§ **Records for this task**
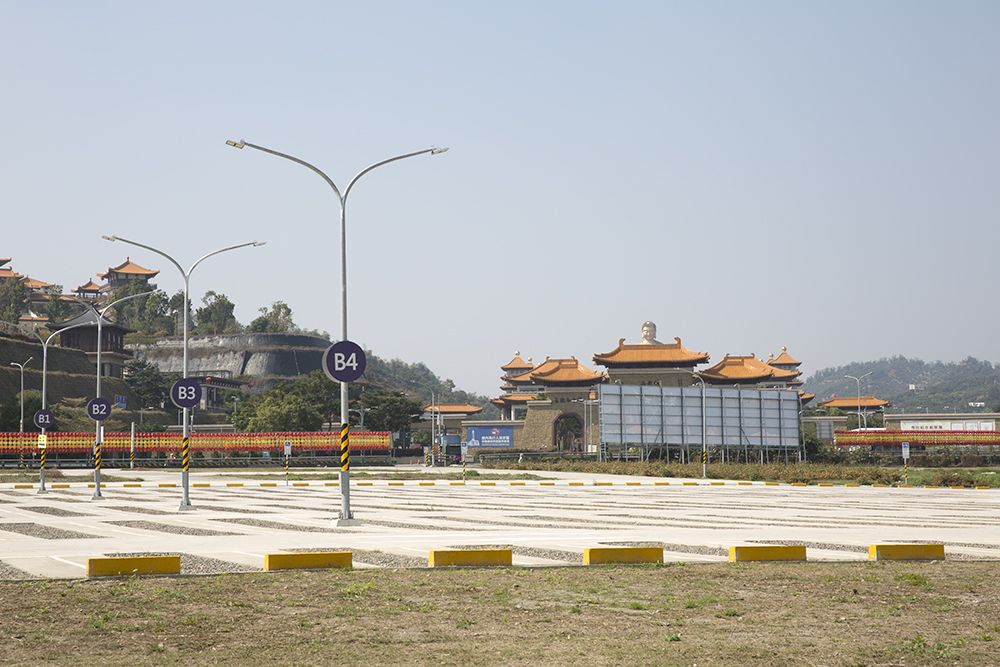 Bouddhism is one of the main religion in Taiwan. Foguangshan, which is situated in Kaohsiung, is one of the most famous bouddhist holy place in the whole island, it is also the biggest pilgrimage place. In order to resolve the problem of car parking space, government decided to remove about 5 tuns of river land to build a new public parking and designed a friendly pedestrian space to welcome pilgrims from all over the country and even the world. Actually, places specially designed for human social activities are totally artificial and produced so many fake landscapes.
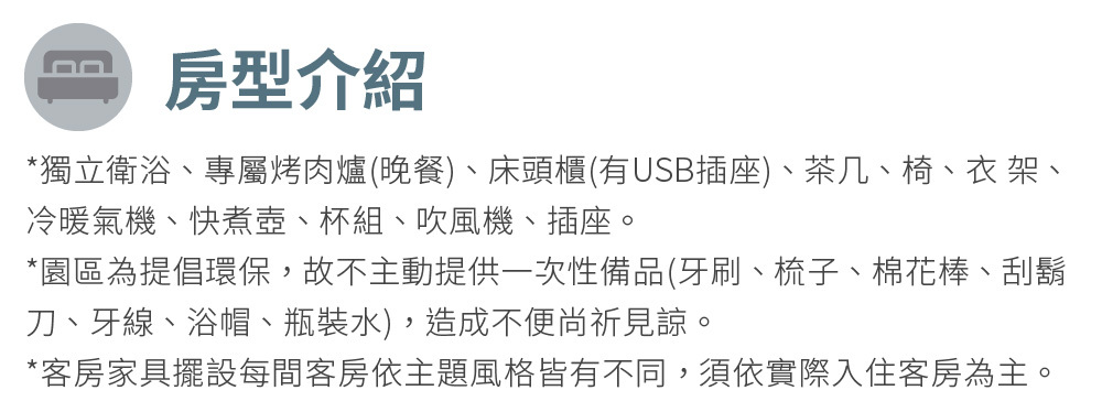 3. 依房型預定增加一人費用。3-6歲$1000/人(含早餐、DIY手作),7-12歲$3500/人,13歲以上$4500/人,寵物$1000,每房最多加兩人入住。
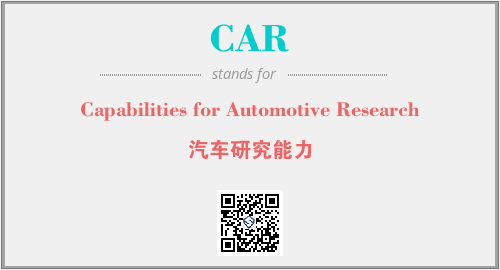 上述内容是“Capabilities for Automotive Research”作为“CAR”的缩写,解释为“汽车研究能力”时的信息,以及英文缩略词CAR所代表的英文单词,其对应的中文拼音、详细解释以及在英文中的流行度和相关分类、应用领域及应用示例等。
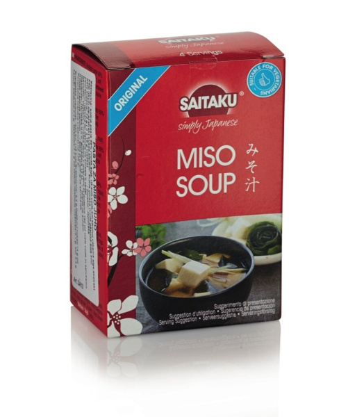 SOJINA pasta 68 % (SOJA, riž, sol), voda, sol, alkohol, wakame morske alge, ekstrakt kelp alge, ektrakt kvasa, sladkor, SOJINA omaka. Vsebuje SOJO in GLUTEN.
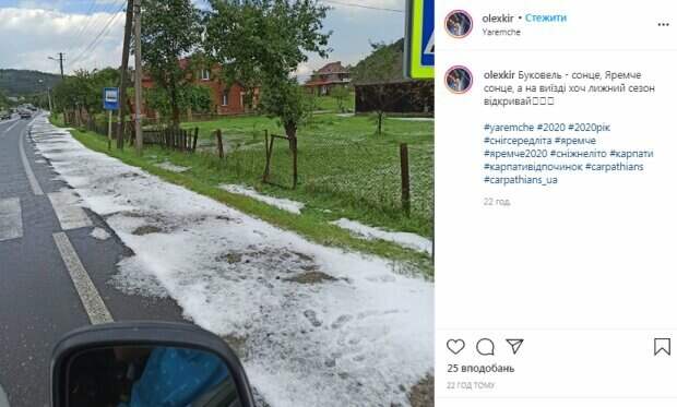 Снег зафиксировали в столичном районе Зюзино, расположенном на юго-западе города. Ранее мы писали, что на Украину обрушилась очередная аномалия – наступила зима посреди лета В Яремче на Западной Украине выпал сильный град, больше напоминающий снег. Об этом стало известно из соцсетей украинцев, которые в данный момент находятся в регионе. Так, одни из жителей Яремче наткнулись на настоящие сугробы, когда вернулись домой. Женщина на видео стала загребать руками снег, показывая его на камеру. «В Яремче наступила "зима" посреди лета. Буквально за несколько минут градом засыпало так, что все вокруг стало белым, как в снегу, а на подворьях образовались немалые сугробы. Местные говорят, что градом посбивало даже птиц», - отмечается в сообщении. Еще одни пользователи сети отметили, что аномалия наблюдалась именно в Яремче. А вот в Буковели ничего такого не было. «Буковель - солнце, Яремче солнце, а на выезде хоть лыжный сезон открывай», - пишут люди. Напомним, что Днепр кишит медузами, аномалия разгадана: "Когда жалят - впрыскивают...". А еще Politeka писала, что двойной смерч пронесся вблизи популярного украинского курорта: впечатляющие кадры. Также Politeka сообщала, что природа натворила беды на Одесчине: "Ущерб на миллиарды", о чем речь.

§ **Work to complete**
Repeat every record above exactly. The pictures do not belong in the copy.

§ **Result below**
 Bouddhism is one of the main religion in Taiwan. Foguangshan, which is situated in Kaohsiung, is one of the most famous bouddhist holy place in the whole island, it is also the biggest pilgrimage place. In order to resolve the problem of car parking space, government decided to remove about 5 tuns of river land to build a new public parking and designed a friendly pedestrian space to welcome pilgrims from all over the country and even the world. Actually, places specially designed for human social activities are totally artificial and produced so many fake landscapes.
 3. 依房型預定增加一人費用。3-6歲$1000/人(含早餐、DIY手作),7-12歲$3500/人,13歲以上$4500/人,寵物$1000,每房最多加兩人入住。
 上述内容是“Capabilities for Automotive Research”作为“CAR”的缩写,解释为“汽车研究能力”时的信息,以及英文缩略词CAR所代表的英文单词,其对应的中文拼音、详细解释以及在英文中的流行度和相关分类、应用领域及应用示例等。
 SOJINA pasta 68 % (SOJA, riž, sol), voda, sol, alkohol, wakame morske alge, ekstrakt kelp alge, ektrakt kvasa, sladkor, SOJINA omaka. Vsebuje SOJO in GLUTEN.
 Снег зафиксировали в столичном районе Зюзино, расположенном на юго-западе города. Ранее мы писали, что на Украину обрушилась очередная аномалия – наступила зима посреди лета В Яремче на Западной Украине выпал сильный град, больше напоминающий снег. Об этом стало известно из соцсетей украинцев, которые в данный момент находятся в регионе. Так, одни из жителей Яремче наткнулись на настоящие сугробы, когда вернулись домой. Женщина на видео стала загребать руками снег, показывая его на камеру. «В Яремче наступила "зима" посреди лета. Буквально за несколько минут градом засыпало так, что все вокруг стало белым, как в снегу, а на подворьях образовались немалые сугробы. Местные говорят, что градом посбивало даже птиц», - отмечается в сообщении. Еще одни пользователи сети отметили, что аномалия наблюдалась именно в Яремче. А вот в Буковели ничего такого не было. «Буковель - солнце, Яремче солнце, а на выезде хоть лыжный сезон открывай», - пишут люди. Напомним, что Днепр кишит медузами, аномалия разгадана: "Когда жалят - впрыскивают...". А еще Politeka писала, что двойной смерч пронесся вблизи популярного украинского курорта: впечатляющие кадры. Также Politeka сообщала, что природа натворила беды на Одесчине: "Ущерб на миллиарды", о чем речь.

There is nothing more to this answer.